Blog & update


Overcome Your Sugar Cravings with Bananas!

Sugar cravings are extremely common, especially among women.

In fact, up to 97% of women and 68% of men report experiencing some sort of food craving, including cravings for sugar (1).

Those experiencing a sugar craving feel a strong urge to eat something sweet and can find it difficult to control themselves around food.

When people decide to go on a diet, they automatically feel like they are depriving themselves and their bodies of the foods they want. And do you know what that makes them? Miserable.

This can lead to binge eating or over-consuming calories, sometimes on a regular basis.

According to a survey out this week, this is the reason why two out of every five people on a diet quit in the first 7 days! Only 1 out of those 5 end up going strong after a month, and just 20% make it to the three-month mark.

Why do so many people have diets that nose-dive? They fail because we concentrate too much on a diet and forget about the lifestyle changes.

When most people feel sugar cravings, they reach for high-fat, high-sugar foods like chocolate.

However, swapping out the junk food for some fruit when you feel like something sugary could give you the sweet hit you need and stop your craving in its tracks.
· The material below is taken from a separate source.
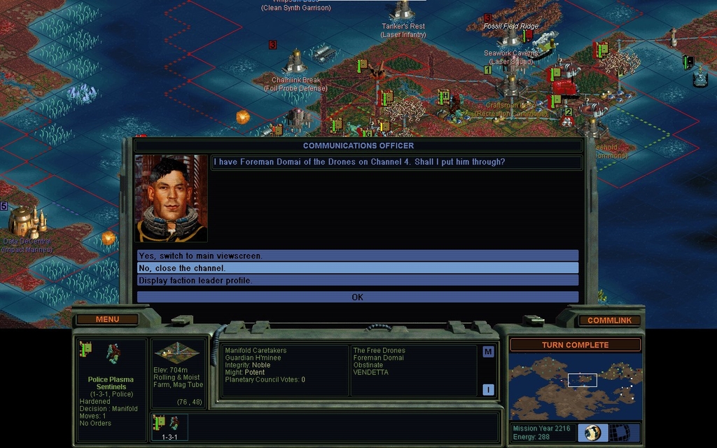 MY 2214.  I have not produced any kind of defensive probe units.  I'm only starting to do so now, as my home cities complete everything else that's 'basic' to a base.  This is not a problem on land because I'm inside of Domai's production timing.  He will not get any probe teams built before his last 2 cities are conquered.  The same is not true at sea though.  He's got a foil probe team just south of Chainlink Break.  In principle, if I take Hammer and Tongs this year, he could take it right back with mind control.  He's definitely got the money to do it.  It's only a question of whether the AI understands taking over a land base using a sea unit.  I think I've seen this happen before, but I'm not sure.  There's no question that the AI goes after sea bases with sea probe teams, in fact it has quite the obsessive passion about that.  This is a very good reason to leave someone's sea bases alone and not build any of one's own, until one has the Hunter-Seeker Algorithm or such.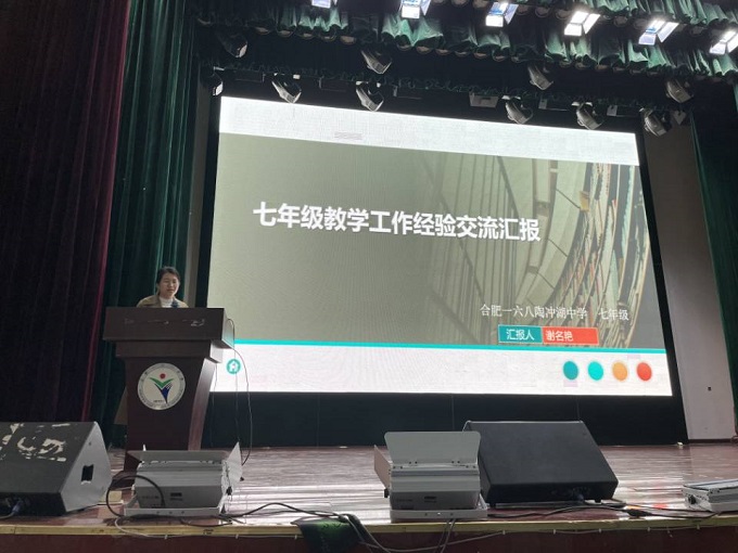 暖场视频终了,会议正式开始。谢名艳首先从年级层面与家长们交流年级管理理念和具体做法。七年级以“抓质量、促成长、严要求、做扎实”为管理目标与思路,致力于打造一支高素质的教师团队,落实“双减背景”下学生身心成长和学业发展要求,不放弃任何一个学生,让学生全体发展、全面发展、个性发展。谢名艳从安全教育、德育工作、教学常规、特色工作、家校合作五个方面与家长集中交流。

If you’re a person who enjoys munching on crunchy potato chips who decided to start eating better, cutting your comfort foods cold turkey is not healthy and will only end in failure as you would give in to cravings and start binge eating.
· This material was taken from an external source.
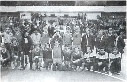 Стоят (слева направо): А. Пузач, Я. Думанский, А. Сорокалет, В. Лозинский, А. Баль, В. Хлус, В. Чанов, С. Журавлев, В. Веремеев, В. Лобановский, М. Коман, Г. Спектор. Сидят: В. Малюта (врач), В. Евлантьев (массажист), А. Демьяненко, В. Евтушенко, А. Бойко, С. Балтача, О. Блохин, Л. Буряк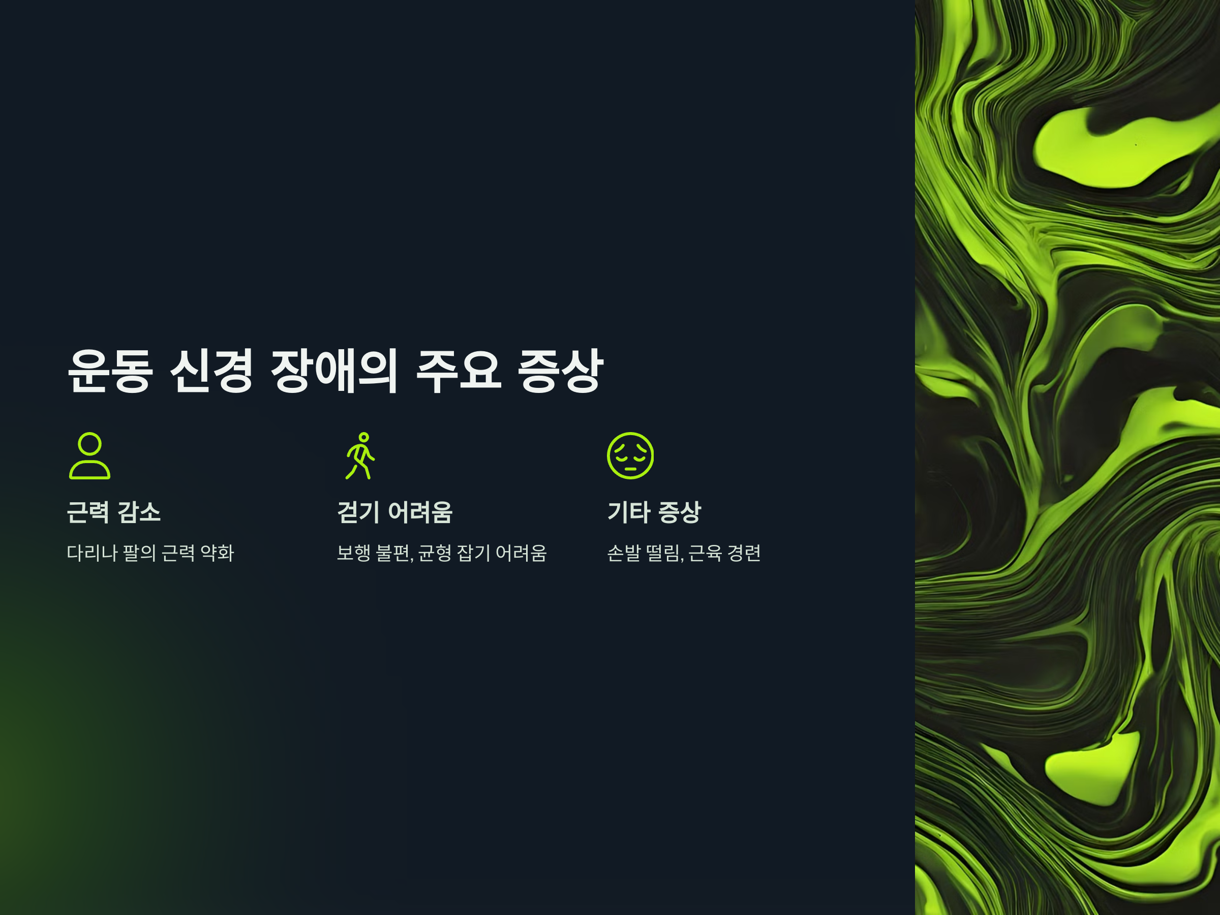 운동 신경 장애는 신경 전달의 문제로 인해 근육의 수축이나 움직임에 장애가 생기기 때문에 근력 감소와 걷기 어려움 외에도 다양한 증상을 유발할 수 있습니다. 가장 일반적인 증상은 다리나 팔의 근력이 점차 약해지며, 걷는 것이 어렵거나 불편해지는 것입니다. 처음에는 가벼운 증상으로 시작하지만 점차 악화되어 일상적인 활동에 지장을 줄 수 있습니다.

What you could do to satisfy your junk food cravings is to look for healthier alternatives – if you like pasta, opt for whole wheat pasta, if you like french fries, try baked sweet potato fries, and if you can’t give up your bag of potato chips, grab a bag of Banana Joe chips instead.

Not only are Banana Joe chips lower in calories than regular chips, they are packed with fibers that help support your digestive and immune system – all the goodness from fruits with the taste and satisfaction of a crunchy potato chip.

1. Weingarten, H. P. & Elston, D. (1990) The phenomenology of food cravings. Appetite 15:231–246.